David, here we go. Dems adopt a more "confrontational" stance.

If at first you don't succeed, try the same mistakes again.

usatoday.com

Dems adopt a more confrontational stance

By Susan Page, USA TODAY

House Democratic leader Richard Gephardt of Missouri will announce today that he won't run for another term as leader, aides said Wednesday, as Democrats vowed to take a tougher line toward President Bush in the wake of Tuesday's elections.

Gephardt has decided to focus on a bid for the presidency in 2004, a senior adviser said. When newly elected House Democrats meet next week to organize for Congress' next session, California Rep. Nancy Pelosi, now his top deputy, is favored to win the leadership job. She will be challenged by Texas Rep. Martin Frost.

Pelosi's election would give House Democrats a more liberal face and their first female leader.

The shuffle was one piece of a broader scramble by Democrats to figure out why the party's candidates didn't fare better, how they should behave in a reshaped political world and what they need to do to better challenge Bush when he's on the ballot in two years.

The tone at news conferences and interviews alternated between defiant and defensive. Some portrayed the election outcome — Republicans regained control of the Senate and strengthened their margin in the House — as a red flag for the party. Democrats had a net gain of three or four governorships.

"Democrats should not mistake the magnitude of this loss," former vice president Al Gore, who is expected to join Gephardt as a presidential contender, said in an interview with ABC. "There has to be a major regrouping."

But Democratic National Chairman Terry McAuliffe said the Republicans' showing was a "tactical" but not ideological victory — one that reflected their greater campaign resources and the power of the president's bully pulpit, not a significant shift in voter sentiment.
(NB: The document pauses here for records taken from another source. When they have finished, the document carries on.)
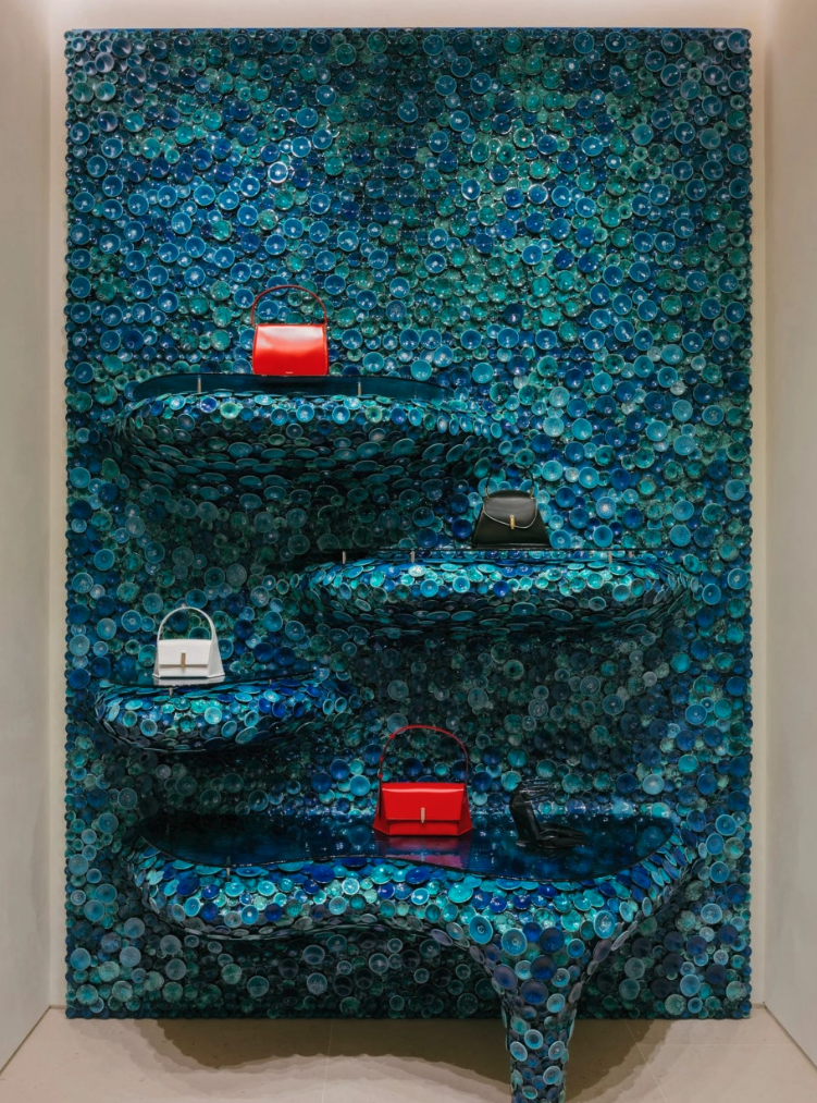 반 두이셀 X 자라홈 콜렉션 중에서빈센트 반 두이센이 디자인한 밀라노 페레가모 스토어 안에 위치한 안드레아 만쿠소의 도자기 벽
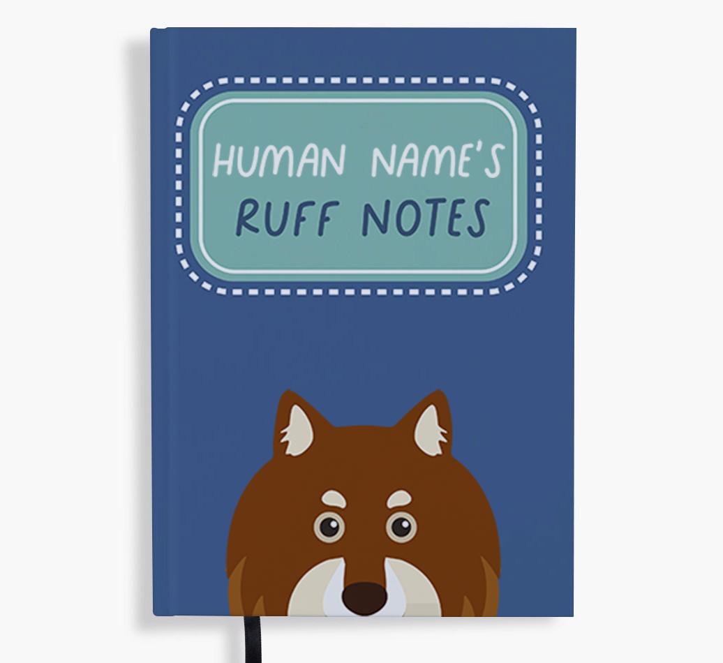 Starring Finnish Lapphund's cute icon and personalized with your name, this vibrant notebook may be a place for your ruff notes, but the cover will always look wagnificent!
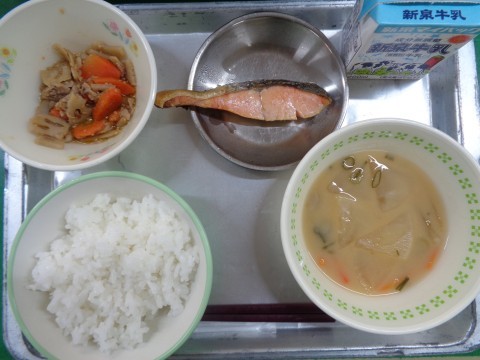 今日の献立は、『ごはん・牛乳・すいとん汁・さけの風味焼き・れんこんのきんぴら』です。

Key Democrats said to expect a more confrontational stance by members of Congress toward Bush and an increasing spotlight on the presidential contenders who hope to take him on. The cooperation Bush has sought and sometimes gotten from Democrats on education, defense and other issues will be a harder sell, they say.

"You're going to hear a much more full-throated critique of (Bush's) economic program and you're going to see more of a critique of his unilateralist foreign policy," says John Podesta, a White House chief of staff for President Clinton who now advises Democratic congressional leaders. "You'll see Democrats challenge him across-the-board."

Democrats say they'll feel free to hold Republicans responsible for everything from the state of the economy to the security of the homeland. "The president got what he asked for last night, and now he will have to produce," McAuliffe said as he made a round of appearances before reporters. "This is his sputtering economy, and he must take responsibility for it."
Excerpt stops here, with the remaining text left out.